Berita Bali

Tim Hukum Unud Bantah Kerugian Negara, Lanjutan Sidang Praperadilan Rektor Dalam Kasus SPI

Penulis: Putu Candra
Editor: Anak Agung Seri Kusniarti
AA

Text Sizes

Medium

Large

Larger

Sidang praperadilan Rektor Unud, Prof Antara melawan Kejati Bali kembali digelar di PN Denpasar.

TRIBUN-BALI.COM - Sidang praperadilan Rektor Universitas Udayana (Unud), Prof DR Ir I Nyoman Gde Antara MEng, selaku Pemohon melawan Kejaksaan Tinggi (Kejati) Bali sebagai Termohon kembali bergulir di Pengadilan Negeri (PN) Denpasar, Rabu (26/4).

Sidang kali ini mengagendakan pembacaan tanggapan (replik), oleh tim kuasa hukum Unud atas jawaban Termohon.

Diketahui, Prof Antara menempuh upaya hukum praperadilan terkait penetapan tersangka oleh penyidik pidana khusus (pidsus) Kejati Bali.

Prof Antara ditetapkan sebagai tersangka dalam perkara dugaan korupsi penyalahgunaan dana Sumbangan Pengembangan Institusi (SPI) mahasiswa baru (maba) seleksi jalur mandiri Unud tahun 2018-2022.

Baca juga: Diprediksi 20 Ribu Lebih Penumpang Domestik Hari Ini Tinggalkan Bali Melalui Bandara Ngurah Rai

Baca juga: Budi Gunawan Terlibat Pencurian Kayu, Begini Kronologinya Kata Polsek Kerambitan Tabanan

Sidang praperadilan Rektor Unud, Prof Antara melawan Kejati Bali kembali digelar di PN Denpasar. (Tribun Bali/Putu Candra)

Sementara itu, dalam replik setebal 28 halaman, tim hukum Unud yang dimotori Nyoman Sukandia, Gede Pasek Suardika membantah semua jawaban Termohon yang telah dibacakan dalam sidang sebelumnya, di antaranya terkait bukti kerugian keuangan negara.

"Kami menegaskan lagi bahwa jawaban yang disampaikan oleh Termohon pada sidang sebelumnya itu kami bantah dengan sangat presisi. Terutama dalam kasus korupsi yang paling penting adalah bukti adanya kerugian keuangan negara. Sampai sekarang itu tidak muncul.

Bagaimana bukti yang paling penting itu tidak muncul dengan alasan itu kewenangan yang bersangkutan (Termohon)," tegas Gede Pasek Suardika ditemui seusai sidang praperadilan.

Pula soal kewenangan dibantah tim hukum Unud. Dikatakan Pasek Suardika, dalam kasus korupsi harus muncul bukti kerugian keuangan negara. Di mana lembaga yang berwenang dalam melakukan audit kerugian keuangan negara adalah BPK dan BPKP.

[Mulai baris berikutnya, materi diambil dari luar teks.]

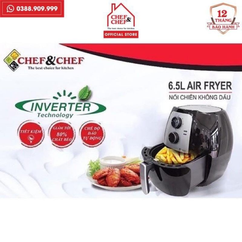 Nồi chiên không dầu Chef & Chef 6.5l nút cơ / cảm ứng thiết kế sang trọng, tiện lợi dễ sử dụng✪ SHOP XIN CAM KẾT ✪

"Tadi juga kami bantah soal kewenangan itu. Karena kejaksaan esensinya sebagai penyidik sudah ada di KUHP. Di Undang-undang Kejaksaan juga tidak ada satu pun kewenangan untuk melakukan audit terhadap kerugian negara. Justru yang ada kewenangan di BPK dan BPKP," ujarnya.

Pihaknya pun berharap dalam duplik Jaksa Penuntut Umum (JPU) yang akan dibacakan, Kamis (27/4), di persidangan muncul kerugian keuangan negara berdasarkan audit dari BPK atau BPKP. Bukan berdasarkan audit internal kejaksaan.

Rektor Unud, Prof Antara didampingi tim kuasa hukumnya, Gede Pasek Suardika dkk saat menjalani pemeriksaan di Kejati Bali. (Tribun Bali/Putu Candra)

"Karena kita berkutat di kasus korupsi. Tidak akan pernah ada korupsi kalau tidak ada kerugian keuangan negara. Sampai sekarang bukti itu tidak muncul. Di dalam jawaban jaksa pun tidak muncul," ucap advokat, politikus sekaligus Ketua Partai Kebangkitan Nusantara (PKN) ini.

Kembali disinggung soal audit iternal kejaksaan yang digunakan dalam kasus SPI, pria yang disapa GPS ini kembali menegaskan, lembaga yang berwenang melakukan audit adalah BPK atau BPKP dan itu telah diatur dalam konstitusi.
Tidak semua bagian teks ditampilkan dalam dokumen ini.